Quinter’s Tim Roesch doesn’t have a defined career path as of the holiday break this year…and that’s okay. The Kansas Golf Foundation scholar is studying both graphic design and religion while attending Hillsboro’s Tabor College.
  
He says he enjoys working with young people and youth ministry might be in his future, but that’s not a certainty for the 20-year-old.
  
“I’m just playing it by ear right now,” says the multi-talented Roesch, who’s also been singing in the choir and had a role in a musical at Tabor. “I’ve got the double major with graphic design and we’ll see where that leads me.” 

If the cows can’t eat it…
  
As with many youngsters, Roesch says his introduction to the game of golf came at the hands of his father…his at the public Quinter course.
  
“My dad introduced it to me when I was pretty young…I’d say about 10 years old,” Roesch Tim Roeschrecalls. “He’d take me out to the golf course every once in a while.
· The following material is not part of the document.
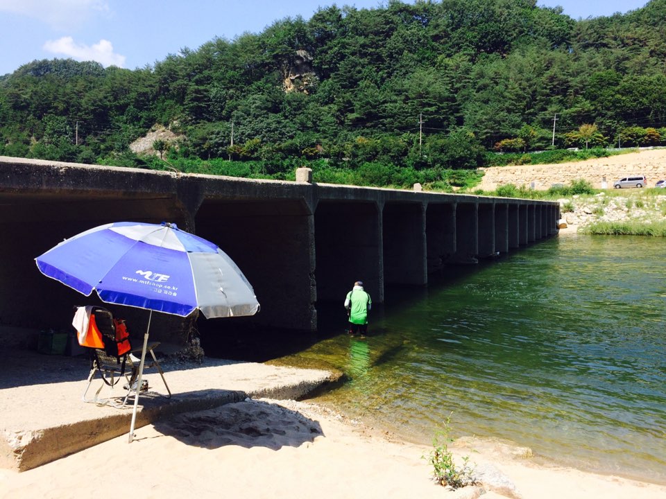 바로 자리잡고 낚시 시작! 물이 엄청맑고 더우면 바리밑으로 들어가서 잡고 추워지면 다시나오고 물이 엄첨 찹니다. |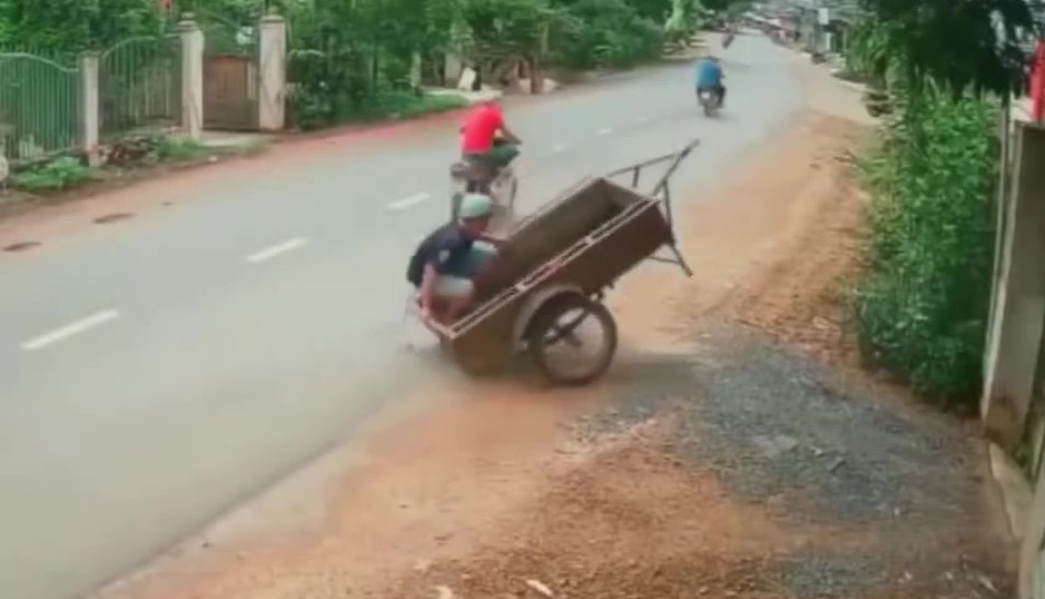 Thanh niên ngồi xe kéo ngã vào bụi cây

Then I started to get into it when I was in eighth grade -- in junior high. I just loved going out there and practicing.”
  
Roesch says he enjoyed the practice, despite the nine-hole Quinter Municipal’s limited turf.
  
“The greens are astro turf,” he says. “So, having to practice on those made it difficult, so during my high school years we’d have to go WaKeeney, which is just 20 miles away. We drove over there once or twice a week and practiced our putting because we couldn’t practice our putting on these greens.”
  
Roesch says he also played in a junior golf league that toured northwest Kansas towns during the summer as his skills developed before taking his game to Quinter High.
  
“I think (golf) taught me responsibility overall…if you hit a bad shot you have to deal with it and go on from there,” Roesch says. “I think my dad just taught me to just keep grinding away. If you hit a bad shot just put it out of your mind and focus on the next shot. The most important shot is the next one. And I think playing by the rules is one of the most important parts and the history of the game, just respecting that.”
  
Roesch used that philosophy as a member of the Quinter golf team all four years. Roesch’s career coincided with the Bulldogs’ development as a squad.
  
“At the beginning the golf program wasn’t really that great…and there was another guy in my class that I’d played golf with and we went out,” Roesch says. “My first year, as a freshman, I played as (No. 2) man. I ended up beating the No. 1 man out and from then on out I was the No. 1 guy the rest of my career.”
  
According to Roesch, the team went from not having won a tournament since the 1970s to winning the regional event his junior and senior seasons. Roesch, who also played football, basketball and ran cross country at Quinter, had a career-high 11th place finish at the state golf championships at Dodge City Country Club his junior year. His basketball team placed second at the 1A state tourney his senior season. 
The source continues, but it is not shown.